Boing
- Country: South Africa
- Broadcast area: Africa
- Headquarters: Cape Town

Programming
- Language: English
- Picture format: 576i SDTV

Ownership
- Parent: Warner Bros. Discovery EMEA
- Sister channels: Cartoon Network Cartoonito TNT Discovery Channel Investigation Discovery Real Time TLC Food Network Travel Channel

History
- Launched: 30 May 2015; 11 years ago

Availability

Terrestrial
- Azam TV: Channel 221
- StarTimes: Channel 354

= Boing (African TV channel) =

Boing is an African television channel operated by Warner Bros. Discovery through its International unit, which launched on 30 May 2015. A localization of the eponymous Italian television service, the channel airs programming primarily from sister channels Cartoon Network and Boomerang, as well as those from other producers.
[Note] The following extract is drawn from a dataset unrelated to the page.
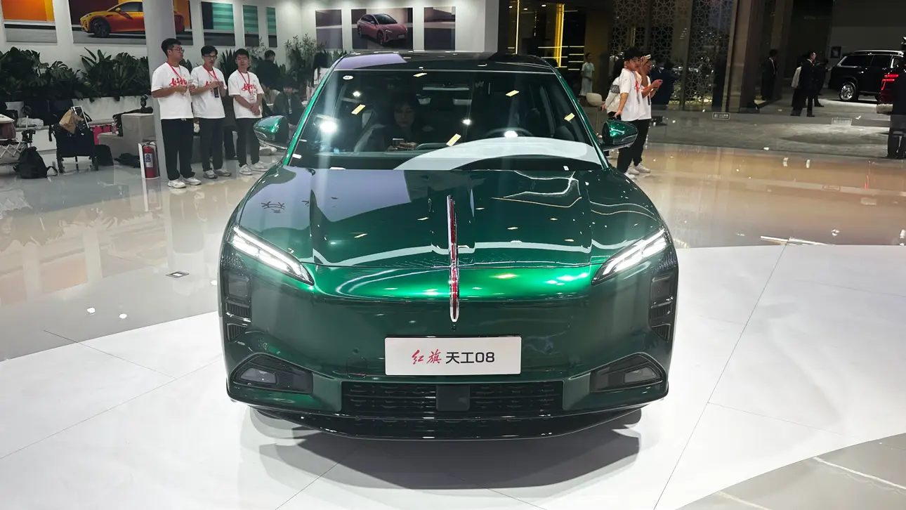 На автосалоне в Гуанчжоу сегодня состоялась премьера нового электрического кроссовера Hongqi T08 (Hongqi Tiangong 08). Модель представляет собой крупный пятидверный SUV с фирменной вертикальной светодиодной линией на капоте и узкой головной оптикой. Задняя часть выполнена в стиле последних моделей бренда и получила широкую световую полосу по всей ширине дверцы багажника.
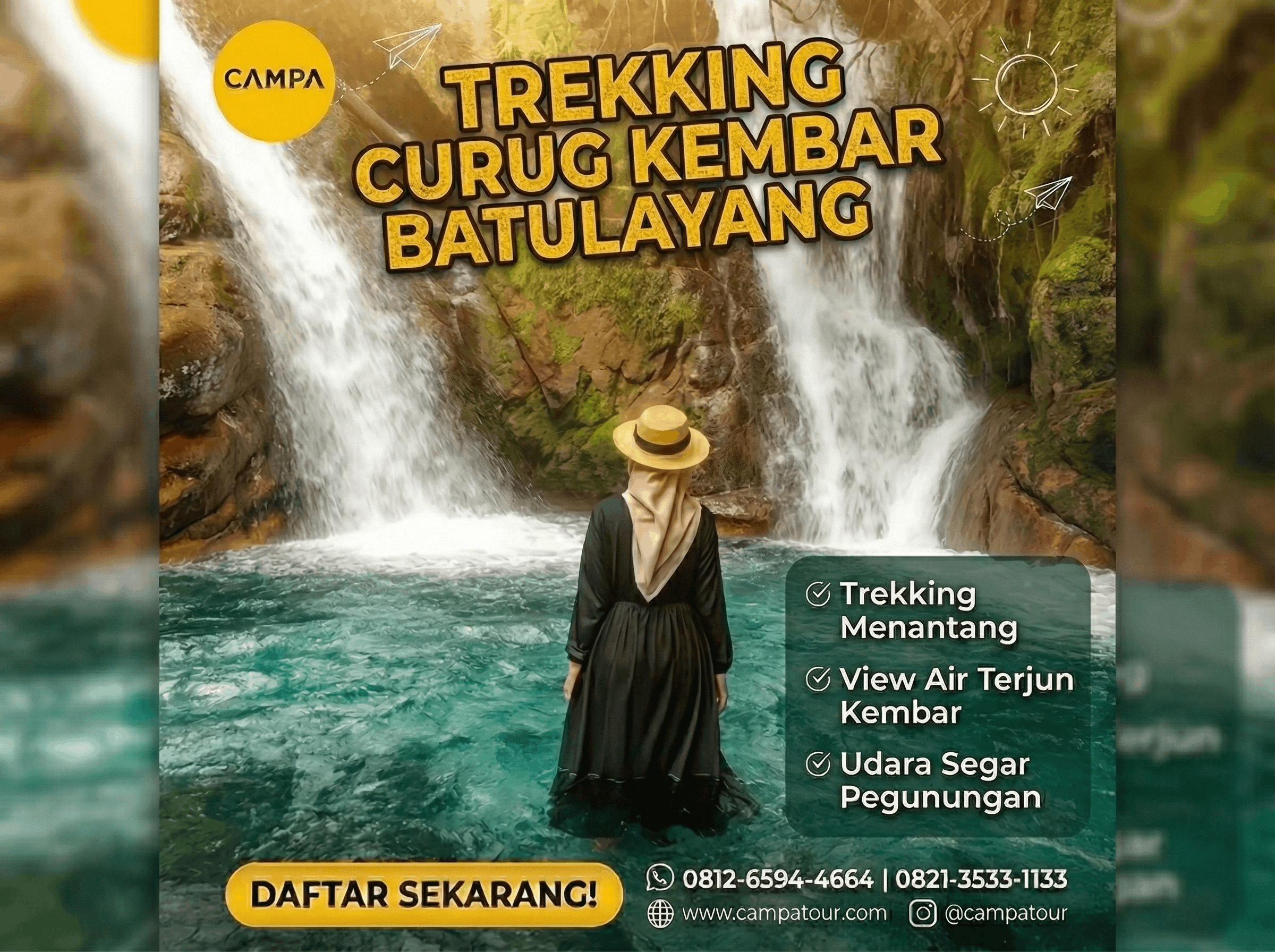 Tunggu apa lagi? Ayo, segera daftar trekking sekarang juga untuk menikmati petualangan trekking yang seru dan tak terlupakan ke Curug Kembar Batulayang bersama Campa Tour. Hubungi kami untuk informasi lebih lanjut mengenai daftar Paket Trekking Curug Kembar Batulayang di Campa Tour dan detail paket tour Bogor atau paket wisata Bogor lainnya. Jangan lewatkan kesempatan untuk menjelajahi keindahan tempat wisata alam Bogor, tempat wisata di Bogor, dan menjadikan liburan Anda di Bogor sebagai pengalaman yang tak terlupakan! Segera hubungi kami dan rencanakan jalan-jalan ke Bogor Anda sekarang juga! Kami juga menawarkan open trip Curug di Bogor yang menarik. Sebagai salah satu destinasi wisata Bogor, Curug Kembar Batulayang menunggu kunjungan Anda.

At this moment, the channel can be seen on Montage Cable TV in Nigeria and Sentech's Mobile TV in South Africa. On 1 January 2017, the channel became available to AzamTV subscribers. The channel does not have a website. The former French feed of Boing was also broadcast in Sub-Saharan Africa and the Maghreb. On 2 February 2023, it was announced that Boing France would be replaced by Cartoonito on 3 April 2023.

On 3 November 2023, StarSat/StarTimes launched Boing Africa on Sub-Saharan Africa.